From time to time a raging wind blows, then there’s a rain shower – and the next moment it’s as hot as summer. Between ½ past 1 and ½ past 5 the whole town sleeps, (literally) the shops and restaurants are closed. Then everything opens again and continues long into the night. Tooti quickly adopts these habits – she can sleep just like that – but I find them a bit harder to adjust to.
On the whole this country has exceeded my expectations – and I’m very pleased we were able to make the trip. Though I notice I haven’t quite as much energy as before and have completely given up the night walks, for example.

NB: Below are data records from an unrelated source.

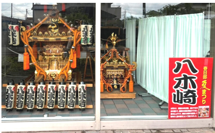
▲ 夜間はライトアップしています（閉館時まで）

※館内（ロビー）でもご覧いただけますが、学習スペースの利用者のご迷惑にならないようご注意ください。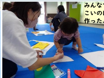
みんな こいのぼりを 作ったよ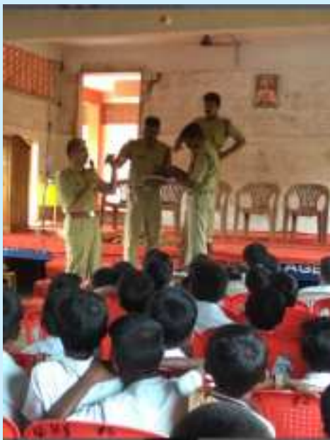
ചയർ ആറ്റ് സെഷ്നി.....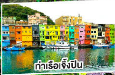
ท่าเรือจิ้งปิ่น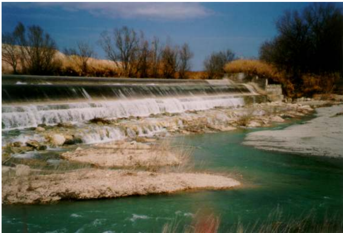
La traversa sul fiume Metauro per derivare le acque nel Canale Albani (Vallato del porto)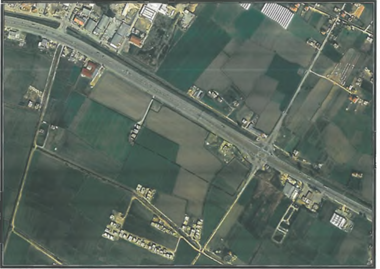
Şekil 1. Hava Fotoğrafı

Planlama Alanı Antalya İli, Manavgat İlçesi, Aşağıışıklar Mahallesi, 181 ada 1 parsel ile 182 ada 1, 2, 3 parseller ve çevresi(82884,48m 2 ), O26-B3 nolu 1/5000 ölçekli Nazım İmar Planı paftası içerisinde yer almaktadır. (Şekil1).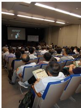
★「がん患者の体験談を聴く」講演会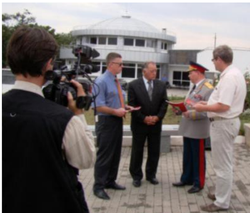
Съемки документального фильма «Нет уз святее братства» телеканалом «Мир Белогорья» (г. Харьков, 2011 г.)

That flight you wrote about sounded horrible. Now we’ve decided not to fly to Crete but to catch a boat to Santorini on a calm day – we won’t be taking a single flig
ht for the whole trip. I’ve bought a boat ticket to come back via Åbo because Tooti wants to see her parents. And incidentally, I might possibly come home a bit earlier than her, if she decides to extend her trip with a week or two in Paris.
I chose those hairnets for you, and then Lisbeth insisted I let her give them to you. I couldn’t refuse without making a scene – she wanted to you to have a present from her at last. I’ve been wondering about one of those pretty shawls, by the way – but I’m not sure if you like that kind of thing. I shall wait and see, maybe I’ll come across something better.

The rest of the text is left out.